ほんやく互学会 勉強会 2013

《日本語の曖昧さと英語の曖昧さは異なる》
昨日は、ほんやく互学会 勉強会で日本語ライティングについて話しました。ほんやく互学会はクローズドなサークルなので参加者は30名ほど(それでも会場は一杯)。柴田耕太郎先生の前座ということで少々緊張。
自分が話した内容は、日本語ライティングというよりは、翻訳を受け取った編集サイドで何が行われているか、翻訳者サイドでは何に気をつけるとよいかについての解説。さまざまな分野・スキルの方がいるのでどの方にも「これは参考になった!」と思ってもらえるよう、いろいろと採取。幸い、皆さんからも「そこを知りたかった」という感想を頂戴したりと嬉しいかぎりでありました。
柴田耕太郎先生の講義は、きちんと英文解読を行う方法、その実際について、ヘミングウェイの文章、外交がらみの公的文書、不動産契約書などをもとに解説。非常に参考になった。細かい言い回しは違ったと思いますが、以下のような内容でした。

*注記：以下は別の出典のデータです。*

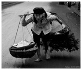 – Cụ Đình 91 tuổi. Bà đi bằng chân đất, trong khi cái rét mùa đông vẫn còn dùng dằng xói vào da thịt dù trời đã sang xuân, hỏi bà sao không đi giày cho ấm chân, bà bảo ”đi chân đất thôi, đi giày chân yếu ngã chúi mũi chết”. “Nhà cháu ngã mấy lần rồi, có hôm đi bán bị ngã đổ hết cả rau, đi chân đất tuy lạnh nhưng chắc chân”, bà kể…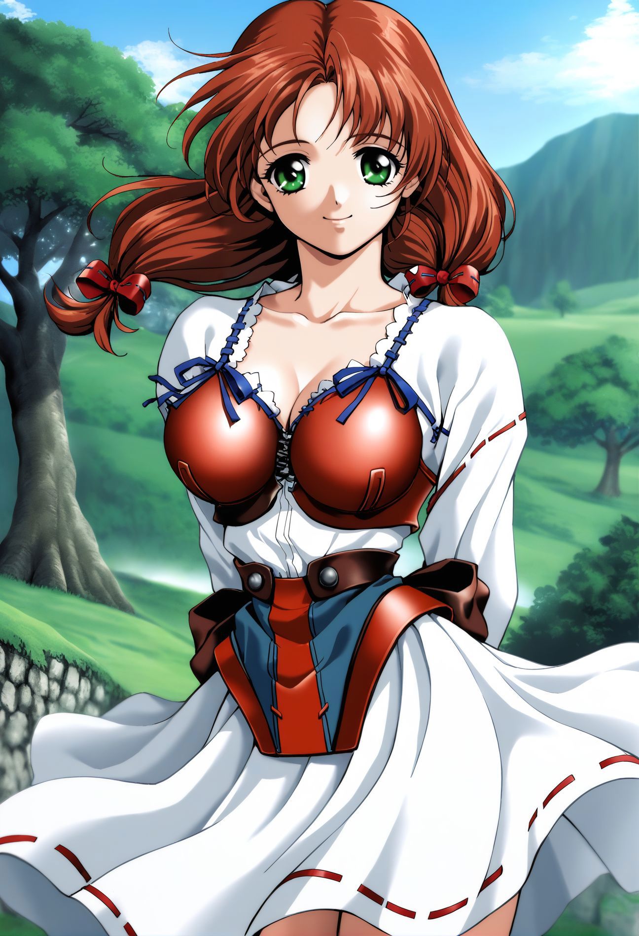 outfit: dress,white skirt,breast plate,ribbon trim,long sleeves,pouch

並列表現に関して、英語は非常にゆるくルーズだが日本語は厳密。日本語では種類の異なるものは並列できない。英語では抽象・具象を平気で並列する。
「〜 and 分詞構文や修飾節が続く」というときに、and 以降のものが前にかかるのか、付加しているのか曖昧なことがある。この場合、文脈でしか判断できない。それどころか、"わざと" 曖昧にしていることもある(不動産契約書)。
andについては、大きく次の6つに分類している。これらを区別できるようみっちり訓練すれば、読解力が格段に増すはず。
and の役割
 対等「また」
 ゆるい順接「そして」
 きつい順接「それで」
 前節の帰結「だから」
 逆接「なのに」
 付加「それも」

ほんやく互学会 勉強会 2013
日時:2013年 5月18日(土)午後2時〜
場所:東京外国語大学本郷サテライト 4階セミナー室
【第1部】午後2時〜3時15分
川月現大氏:日本語ライティングセミナー
【第2部】午後3時30分〜午後5時
柴田耕太郎氏
終了後、打ち上げ(同じビルの8階)

●アイディ 柴田耕太郎 主宰『英文教室』: http://www.id-corp.co.jp/school/school.html



ちなみに上記勉強会でお話しした内容は、2013年1月に日本翻訳連盟(JTF)主催のセミナーでお話しした日本語ライティングに関する講義の続きを聞きたい、というリクエストに応えたもの。3〜4割ぐらいはかぶってますが拡張されてます。 

■ JTF翻訳セミナー 「翻訳に活かすライティング手法」(通算第165回)
 2013年1月10日(木)14:00 〜 16:40
http://www.jtf.jp/east_seminar/dvd.do?fn=search#dvd_56
第1部 リピートされる翻訳者になるための日本語ライティング (川月現大)
第2部 信頼される翻訳者になるための英文ライティング(中村哲三)
 中村さんは『英文テクニカルライティング70の鉄則』(日経BP)著者。